■ **What the task requires**
Please give back all the records exactly, but keep the pictures out.

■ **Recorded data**
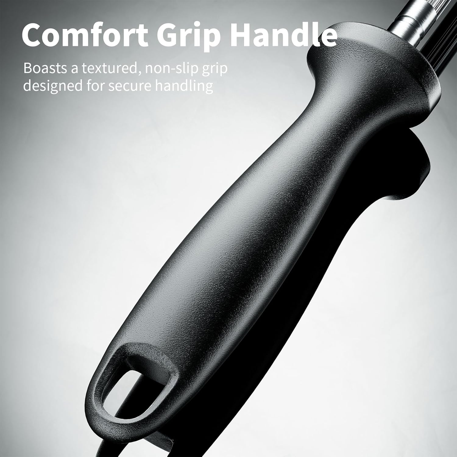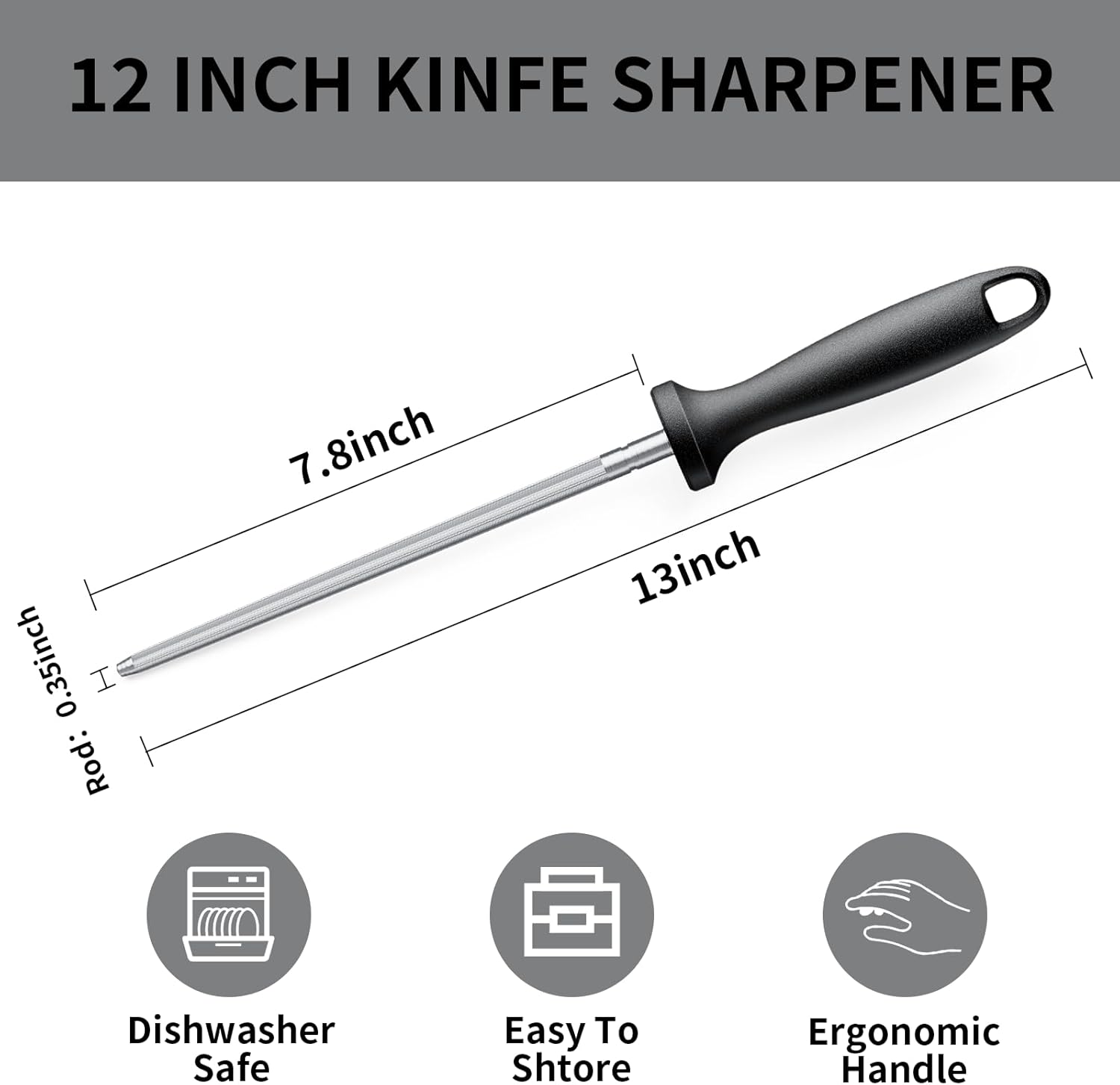 Knife Sharpener Rod, Kitchen Knives Sharpener Carbon Steel Professional Knife Sharpening Steel, Honing Rod with Hanging Holes (13 inches)
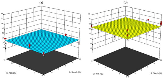 Furthermore, the tensile strength and thickness variables are inversely related to each other, as we can see in the load graph PC1 and PC2. Therefore, at greater coating thickness, lower values of tensile strength are observed. Finally, grammage is inversely related to the water CA value (CA-H2O 0 s, 15 s, 30 s), thereafter indicating that some restrictions on the coating formulation must be applied to balance these two responses. For this reason, it is necessary to calculate the best coating formulation to satisfy all the output variables through a desirability function as explained in Section 2.4. In fact, with the desirability function, we can take in consideration the synergic effect among variables and calculate the optimum conditions of work which in this case is the best coating formulation. The results of the calculation of this function are graphically shown in Figure 3, where the graphs are reported for the two conditions: with and without agar, respectively; see Figure 3e,f. It is possible to see the condition with the higher desirability regarding the formulations with agar (Figure 3e) showing desirability over 0.5. More in depth, the calculated best coating formulation is 10% w/w PCL dry weight starch, 1.5% w/w PCL dry weight agar, and 15% w/w PCL dry weight PEG, showing that all the compounds investigated in this study are relevant to produce the more promising coating for packaging paper.
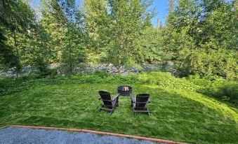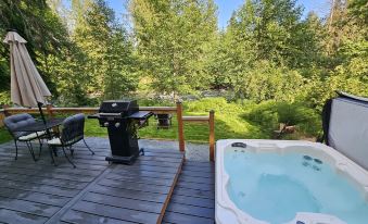 The large deck has a table for two, BBQ and hot tub over looking the river. In the yard you will find two chairs to relax in while enjoying the firepit or just soaking up some sun, listening to the river.
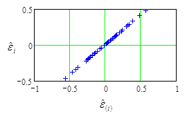 показан на Рис.11.3.5. Точки на графике следуют вдоль прямой примерно с единичным наклоном. На нём нет удалённых от этой линии точек, указывающих на резко выделяющиеся значения.
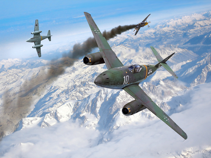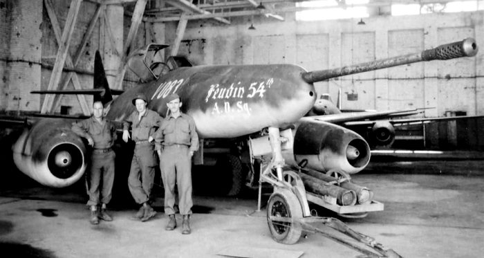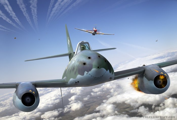 Да и скороподъемность нового истребителя была вне конкуренции - он мог вертикально набирать высоту, что было невозможно для самолетов союзников. Реактивный "мессер" дольше удерживал высокую скорость разворота, имел очень высокую скорость пикирования.
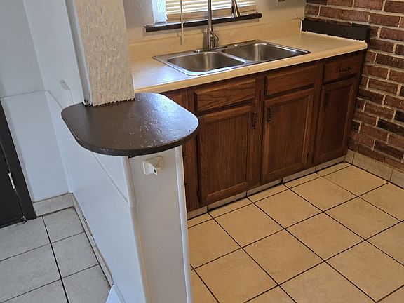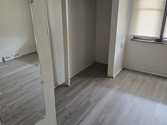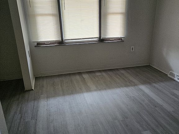 Laminate and ceramic throughout. This one bedroom is very spacious. Has living room dining eat in kitchen bath and bedroom. Back porch is available for use. there is a two-car garage shared by the other tenants. tenants pay all utilities.
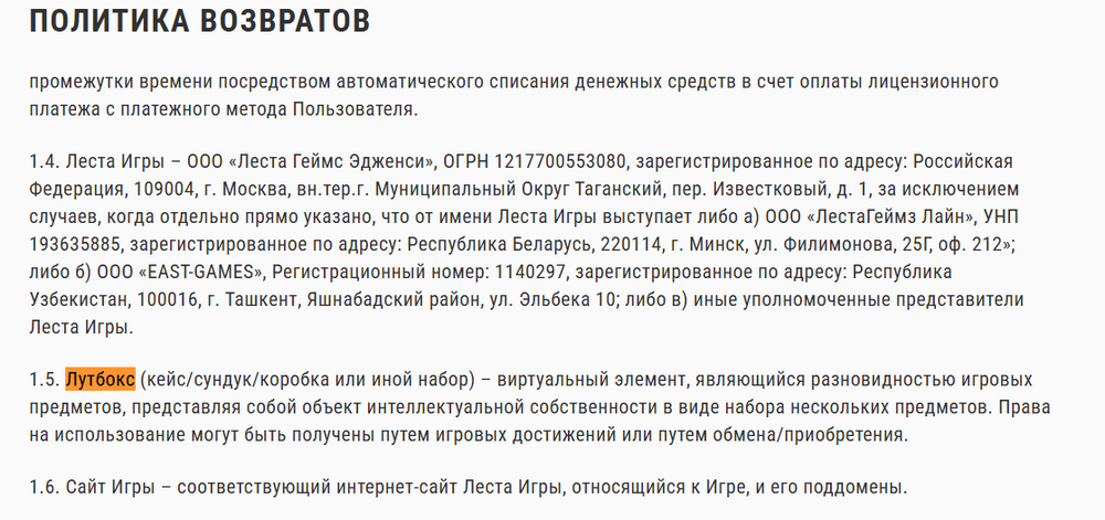1) Ваши контейнеры буквально лутбоксы это указано в вашей же политике возвратов (https://legal.lesta.ru/refund-policy).

■ **Answer**
 Knife Sharpener Rod, Kitchen Knives Sharpener Carbon Steel Professional Knife Sharpening Steel, Honing Rod with Hanging Holes (13 inches)
 Furthermore, the tensile strength and thickness variables are inversely related to each other, as we can see in the load graph PC1 and PC2. Therefore, at greater coating thickness, lower values of tensile strength are observed. Finally, grammage is inversely related to the water CA value (CA-H2O 0 s, 15 s, 30 s), thereafter indicating that some restrictions on the coating formulation must be applied to balance these two responses. For this reason, it is necessary to calculate the best coating formulation to satisfy all the output variables through a desirability function as explained in Section 2.4. In fact, with the desirability function, we can take in consideration the synergic effect among variables and calculate the optimum conditions of work which in this case is the best coating formulation. The results of the calculation of this function are graphically shown in Figure 3, where the graphs are reported for the two conditions: with and without agar, respectively; see Figure 3e,f. It is possible to see the condition with the higher desirability regarding the formulations with agar (Figure 3e) showing desirability over 0.5. More in depth, the calculated best coating formulation is 10% w/w PCL dry weight starch, 1.5% w/w PCL dry weight agar, and 15% w/w PCL dry weight PEG, showing that all the compounds investigated in this study are relevant to produce the more promising coating for packaging paper.
 The large deck has a table for two, BBQ and hot tub over looking the river. In the yard you will find two chairs to relax in while enjoying the firepit or just soaking up some sun, listening to the river.
 показан на Рис.11.3.5. Точки на графике следуют вдоль прямой примерно с единичным наклоном. На нём нет удалённых от этой линии точек, указывающих на резко выделяющиеся значения.
 Да и скороподъемность нового истребителя была вне конкуренции - он мог вертикально набирать высоту, что было невозможно для самолетов союзников. Реактивный "мессер" дольше удерживал высокую скорость разворота, имел очень высокую скорость пикирования.
 Laminate and ceramic throughout. This one bedroom is very spacious. Has living room dining eat in kitchen bath and bedroom. Back porch is available for use. there is a two-car garage shared by the other tenants. tenants pay all utilities.
1) Ваши контейнеры буквально лутбоксы это указано в вашей же политике возвратов (https://legal.lesta.ru/refund-policy).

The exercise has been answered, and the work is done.